Search rankings are something that every website owner is always aware of. Everybody wants to be on the first page of the search results of Google. Because of this, people have always been searching for the secret formula to appear on the first page. One of these things has been the CTR or Click-through Rate.
But Search Ranking optimized by CTR?
However, Google has said many different times that that’s not the complete truth. February 2019, Britney Muller of Moz, found some information in the tools in the “Others” section of Google, stated that CTR was important. However, a couple of weeks later, Gary Illyes from Google stated that CTR was not important.
But this is not something new… we could go even back in 2008 when CTR wasn’t even called like that.
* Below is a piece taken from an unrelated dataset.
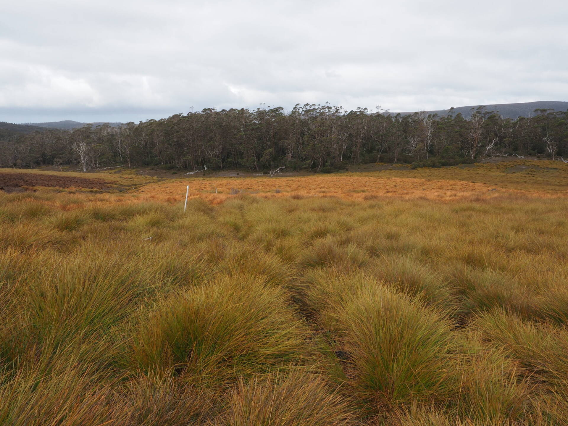 As the trail progresses, it meanders along a canyon, requiring occasional rock scrambling. After the canyon, the landscape opens into alpine grasslands, where navigation is aided by periodic marker poles. The trail alternates between open areas and patches of bushland before reaching a junction for Speeler Track and King Billy Track. Turn left to follow the King Billy Track, which eventually leads to Cradle Mountain Lodge.
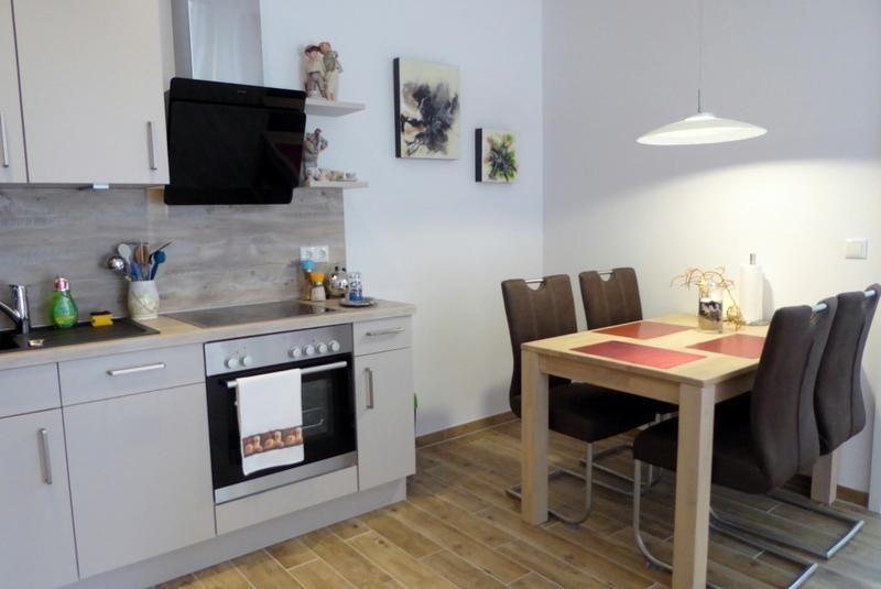 Küche: Backofen, 4-Zonen Cerankochfeld, Kühlschrank mit Gefrierfach, Dunstabzugshaube, Geschirrspüler, Toaster, Wasserkocher, Kaffeefiltermaschine, Geschirr, Esstisch mit 4 Schwingstühlen

Back then, called bounce rate (sort of) was a metric that many people thought was useful to rank a website, until Matt Cutts from Google stated that the metric was an important ranking factor. People used to think that Google was tracking when people clicked on a search result and then clicked back. However, this was myth-busted as well.
After many years, the story goes on.
In 2022… the story starts all over again. People keep saying CTR is a decisive ranking factor. Then the machine starts all over again over the web. So, is this time for real? Is this time for real?
Before this stuff started to soar again, John Muller from Google appeared to give the clear word from Google. He stated that he doesn’t see CTR as a ranking factor for Google. He stated on Twitter:
“If CTR were what drove search rankings, the results would be all click-bait.
I don’t see that happening.”
Search Rankings: What can we take from this?
Google wants you to use title links in the search results to make things attractive to the users of the search engine. Also, Google wants to have the title to truly represent what the content is about. The word clickbait is something that should make a strong statement about how Google dislikes people that uses misleading titles.
Remember, what it’s important now is the same thing that has always been important: the user experience.